## Work to complete
Nothing but the lines from the one containing "Kit 2 Painéis" through the last line of the material should appear in the answer, transcribed exactly, pictures excluded.

## Dataset section
- - -
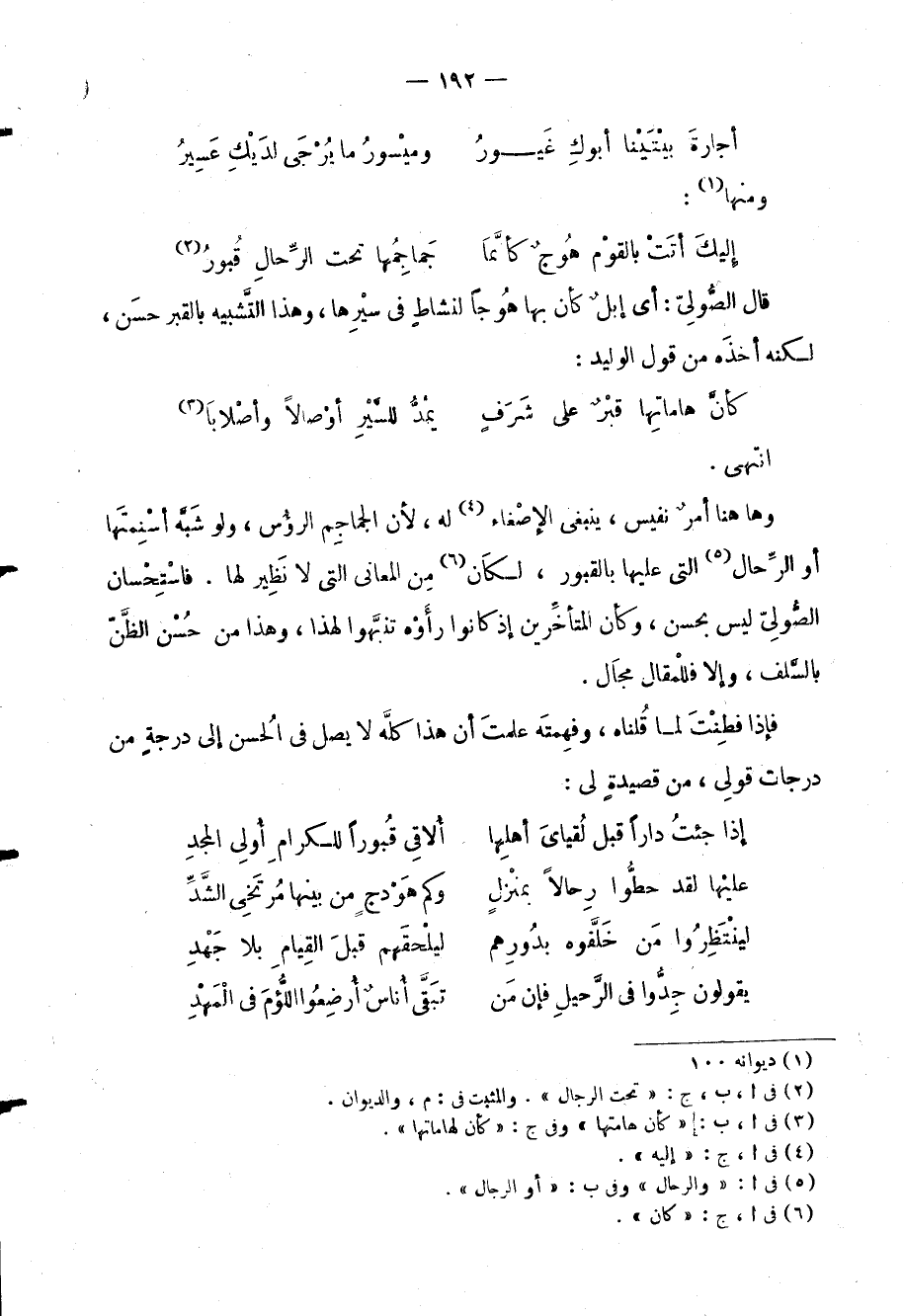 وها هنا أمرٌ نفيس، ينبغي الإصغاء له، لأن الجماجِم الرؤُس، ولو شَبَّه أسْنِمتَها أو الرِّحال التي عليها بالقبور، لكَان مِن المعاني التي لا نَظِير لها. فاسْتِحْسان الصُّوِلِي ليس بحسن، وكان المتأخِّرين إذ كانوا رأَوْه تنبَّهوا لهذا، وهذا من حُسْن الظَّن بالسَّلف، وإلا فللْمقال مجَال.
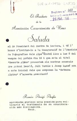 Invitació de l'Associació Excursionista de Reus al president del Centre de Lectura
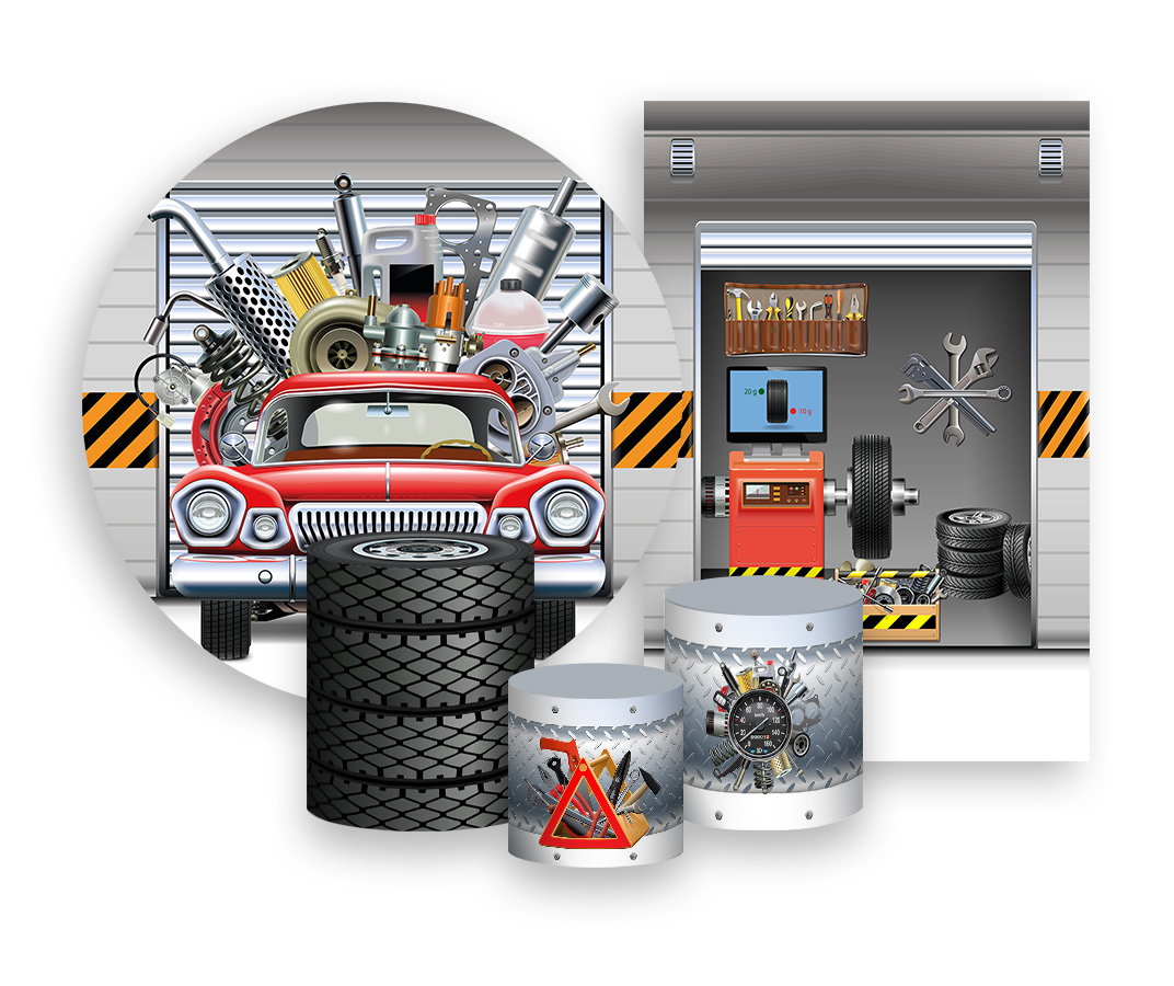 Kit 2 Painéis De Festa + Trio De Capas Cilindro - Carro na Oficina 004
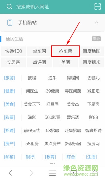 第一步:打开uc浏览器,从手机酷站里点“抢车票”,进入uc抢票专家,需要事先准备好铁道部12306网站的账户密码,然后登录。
- - -
## Finished task
 Kit 2 Painéis De Festa + Trio De Capas Cilindro - Carro na Oficina 004
 第一步:打开uc浏览器,从手机酷站里点“抢车票”,进入uc抢票专家,需要事先准备好铁道部12306网站的账户密码,然后登录。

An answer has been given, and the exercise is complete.